I disagree that the US is now caught in the middle of a civil war with three or four sides shooting at you. In fact if the Shia side asked the US to leave it would have to leave promptly as the US has not been capable of fighting against an insurgency supported by the people of a country determined to rule themselves and knows it does not have that capability since its crushing defeat in Vietnam.
Both the Shia and Kurds are actively fighting side by side with the US as allies and in fact suffering far more casualties in doing so than the rather small number suffered by the US troops whose main function is in fact "force protection" (ie covering their own asses) while deterring intervention from neighbours anxious to ensure that democracy does not destabilize the whole region (which it will).
A significant section of the Sunni Arab minority were fighting to restore their domination but they joined the political process by participating in the last elections and are currently negotiating a role in a national unity government. The attempts to provoke civil war are being made by a very isolated minority who know that they are doomed once that national unity government is actually formed. Some insurgency will continue regardless and it may take several more years before an Iraqi democracy is sufficiently consolidated to ask the US to withdraw (expect little gratitude - you really fucked that country over badly with your previous policies).
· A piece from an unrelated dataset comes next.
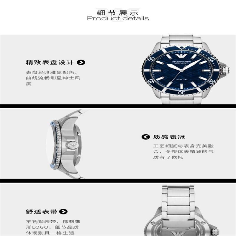 【全国联保 顺丰发货】Armani阿玛尼正品男士手表蓝色表盘 简约钢带商务石英表男AR1648

Meanwhile Syria has been forced to withdraw from Lebanon and a united front ranging from the communist party to the Muslim Brotherhood has been formed on a platform to overthrow the Syrian regime and establish free elections. Hezbollah has entered the Lebanese government for the first time. Israel is pulling out of the West Bank as well as Gaza and the Egyptian autocracy is adapting to the reality that the Muslim Brotherhood has more popular support than it does and will enter the government there with as little fuss as Hamas in Palestine.
Opponents of democratic transformation of the region will treat each such development as a blunder and failure by the Bush administration. Supporters of genuine democracy will understand why CIA director Woolsey argued within a month of 9/11 that the US must take the side of the people instead of remaining on the side of "stability" and the existing bankrupt stagnating regimes. (Check the link above).
You might be right that Hilary Clinton is among those Democrats whose support for the war is purely based on cowardice. But even if you were proved right about that you are stuck with the fact that there is a case for the war that you are not even attempting to answer.
Your assumption that Clinton and others who nominally support the war do not really support it would be more convincing if you did in fact answer that case (which for obvious reasons they would not present clearly as their reasons for supporting the war any more than Bush did).
March 22, 2006 5:21 AM | Reply | Permalink
Yes, but he did not call Scalia out for lousy judical decisions, which makes his judgement on that issue, suspect.
March 22, 2006 8:31 AM | Reply | Permalink
"LBJ worst president hands down." That's a strong statement that you've dropped in the middle of this discussion, and without providing a single argument for it. How about it?